ACTION ITEM:
Repeat each entry word for word; the images are not part of the copy.
[TASK INPUTS]
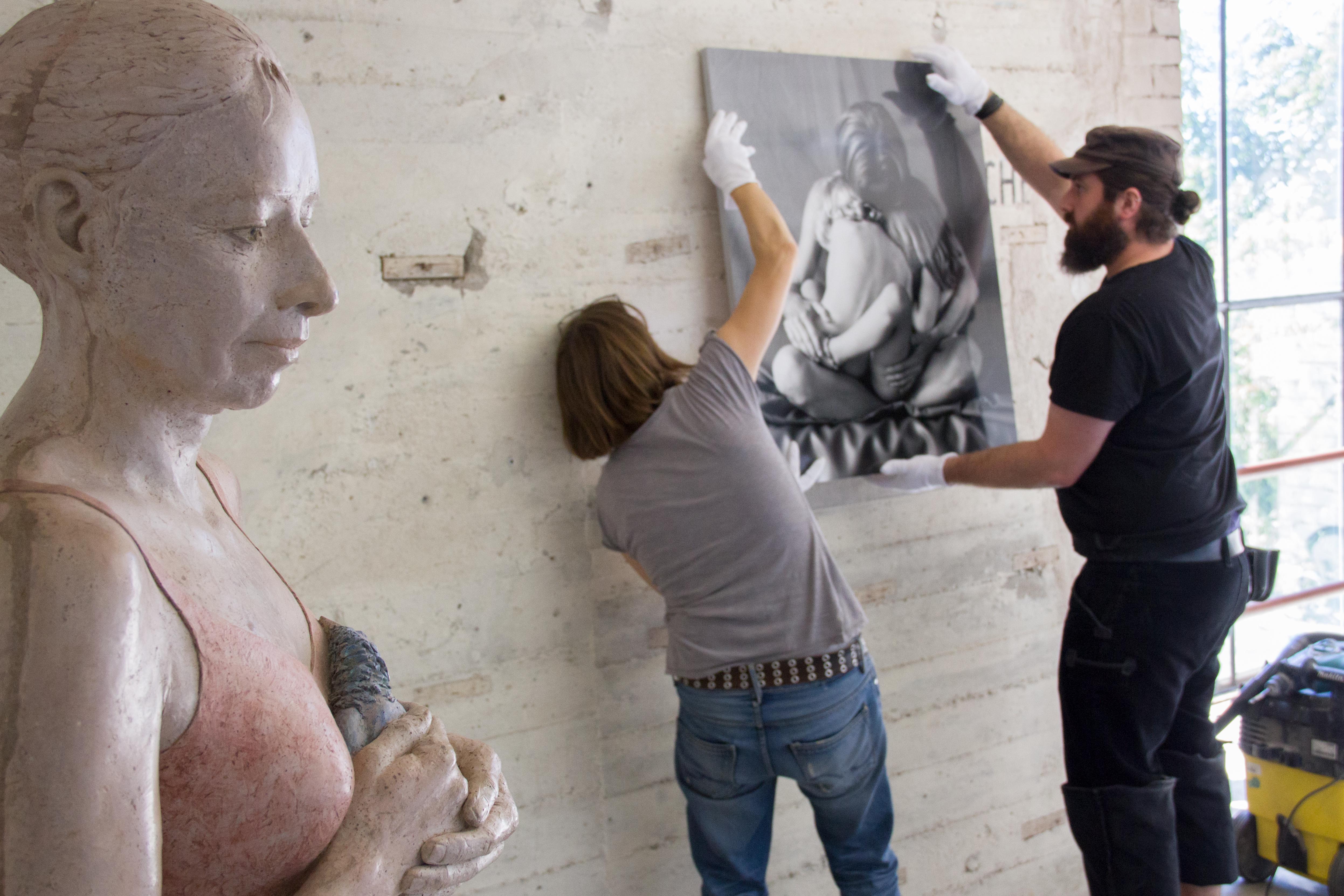Die Hängung erfolgt an den Wänden an Bewehrungseisen, die unter der Decke montiert sind. Für 50 Bilder sind S-Haken, Stahlseile und Bilderhaken (je zweifach) vorhanden.
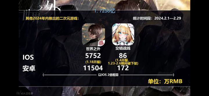 此图为二观的2月流水,只有二百多万,交错战线还能坚持下去吗?不会提桶跑路吗?@交错战线
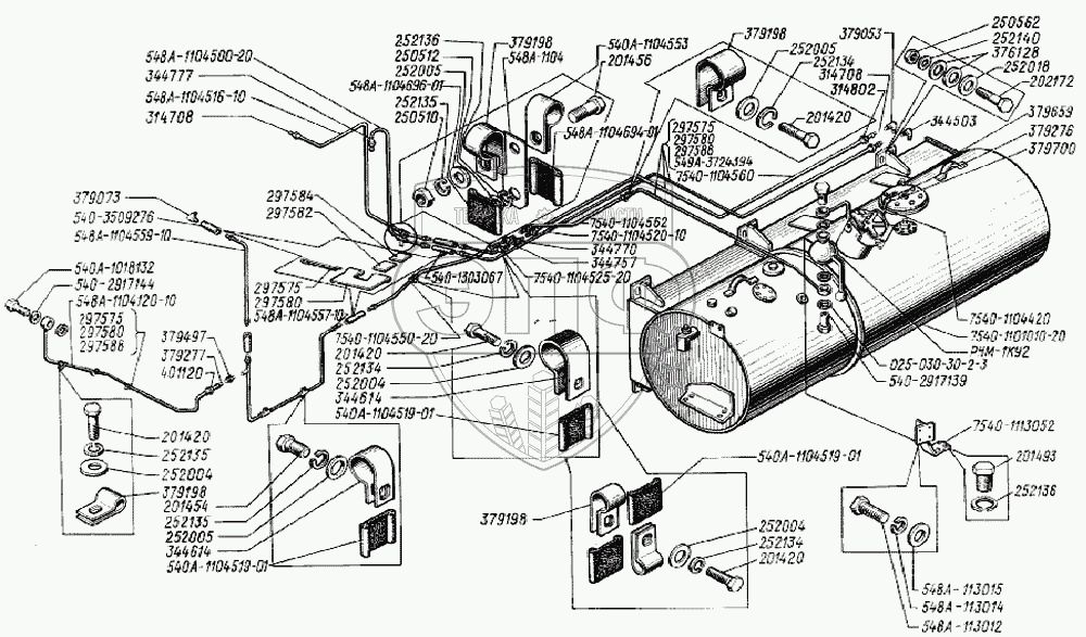 Каталог запасных частей к технике: БелАЗ-75401. Топливные баки и топливные трубопроводы
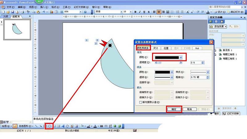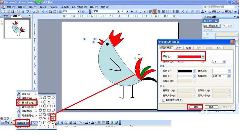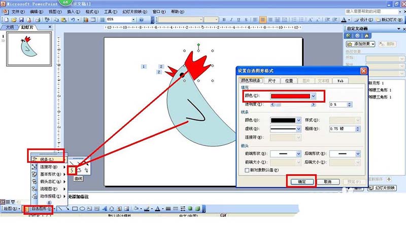 5、点击自选图形——线条——曲线,用曲线画鸡冠,并填充红色,设置擦除动画——再用曲线画翅膀,保留黑色,也设置擦除动画。
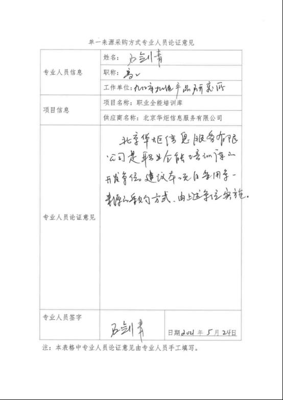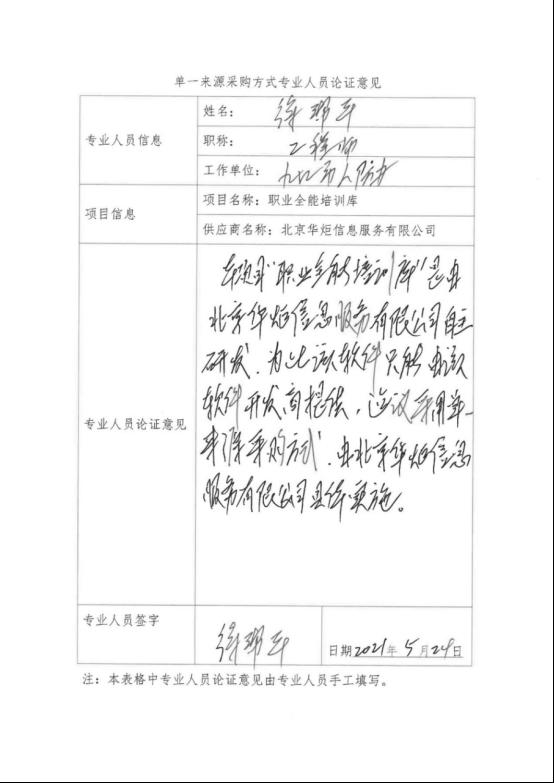 本项目“职业全能培训库”是由北京华炬信息服务有限公司自主研发,为此该软件只能由北京华炬信息服务有限公司提供,建议采用单一来源采购方式,由北京华炬信息服务有限公司具体实施。
[/TASK INPUTS]
RESPONSE TO THIS TASK:
Die Hängung erfolgt an den Wänden an Bewehrungseisen, die unter der Decke montiert sind. Für 50 Bilder sind S-Haken, Stahlseile und Bilderhaken (je zweifach) vorhanden.
 此图为二观的2月流水,只有二百多万,交错战线还能坚持下去吗?不会提桶跑路吗?@交错战线
 Каталог запасных частей к технике: БелАЗ-75401. Топливные баки и топливные трубопроводы
 5、点击自选图形——线条——曲线,用曲线画鸡冠,并填充红色,设置擦除动画——再用曲线画翅膀,保留黑色,也设置擦除动画。
 本项目“职业全能培训库”是由北京华炬信息服务有限公司自主研发,为此该软件只能由北京华炬信息服务有限公司提供,建议采用单一来源采购方式,由北京华炬信息服务有限公司具体实施。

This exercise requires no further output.